_Aim of the exercise_
From the listing below, copy only the lines running from the line that contains "wooden toothpicks stick" to the line that contains "Peças em grés, feitas", both included.

_The data_
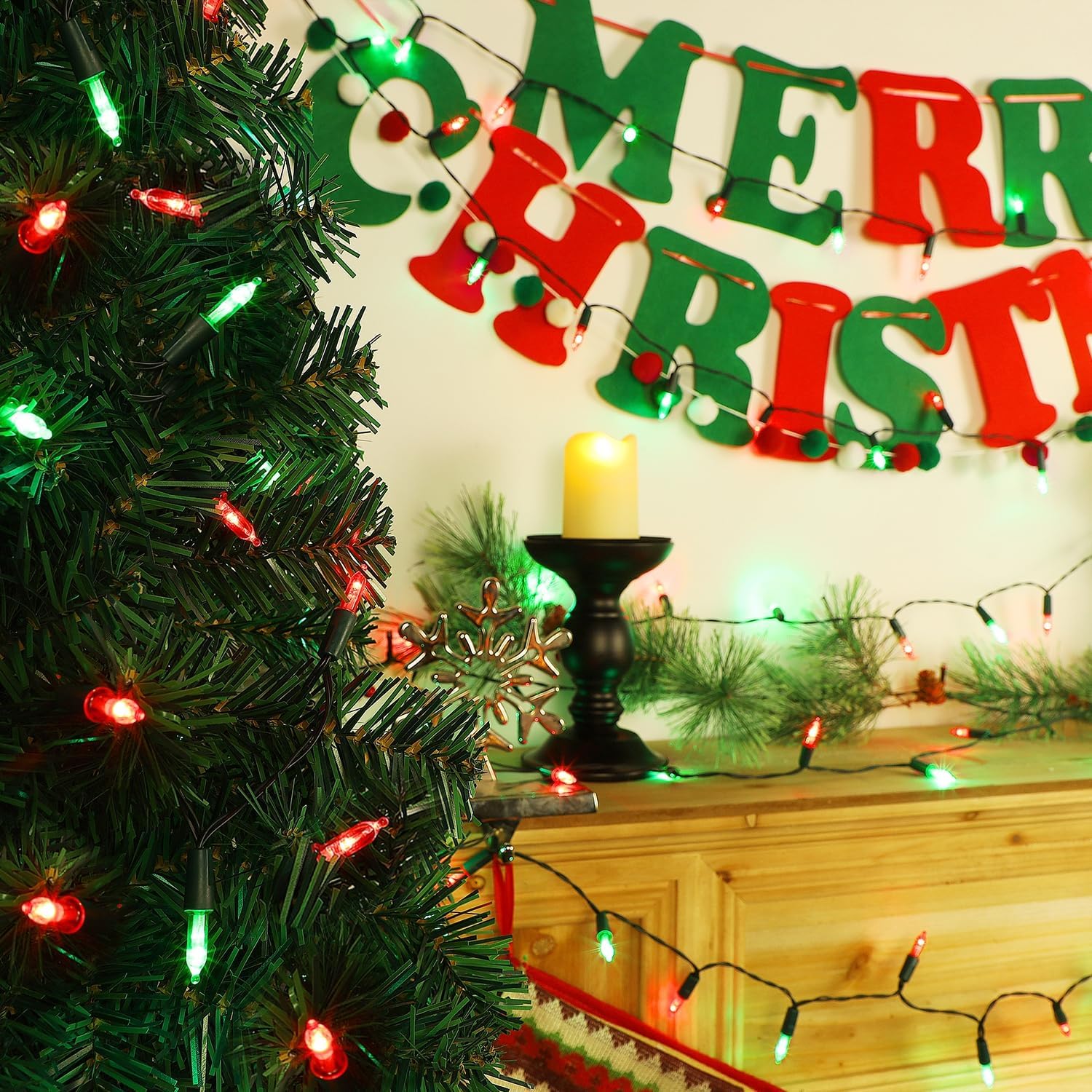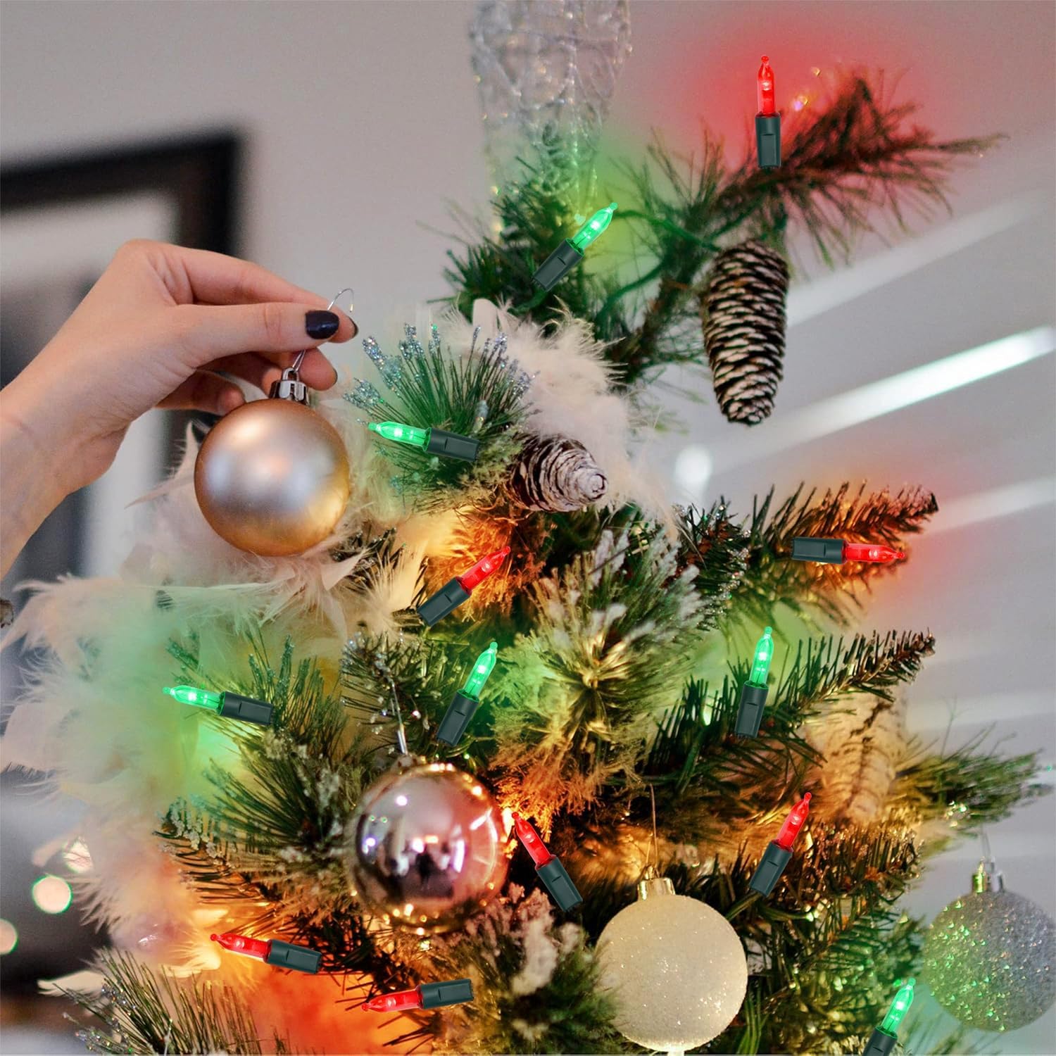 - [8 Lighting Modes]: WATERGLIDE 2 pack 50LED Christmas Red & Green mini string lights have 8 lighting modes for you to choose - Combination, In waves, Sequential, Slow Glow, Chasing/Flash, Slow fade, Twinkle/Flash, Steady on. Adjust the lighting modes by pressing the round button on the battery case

...

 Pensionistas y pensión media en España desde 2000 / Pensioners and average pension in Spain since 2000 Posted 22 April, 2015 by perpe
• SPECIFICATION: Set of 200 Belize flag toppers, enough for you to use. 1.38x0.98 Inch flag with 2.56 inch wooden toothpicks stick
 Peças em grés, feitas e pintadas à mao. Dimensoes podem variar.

_Exercise answer_
• SPECIFICATION: Set of 200 Belize flag toppers, enough for you to use. 1.38x0.98 Inch flag with 2.56 inch wooden toothpicks stick
 Peças em grés, feitas e pintadas à mao. Dimensoes podem variar.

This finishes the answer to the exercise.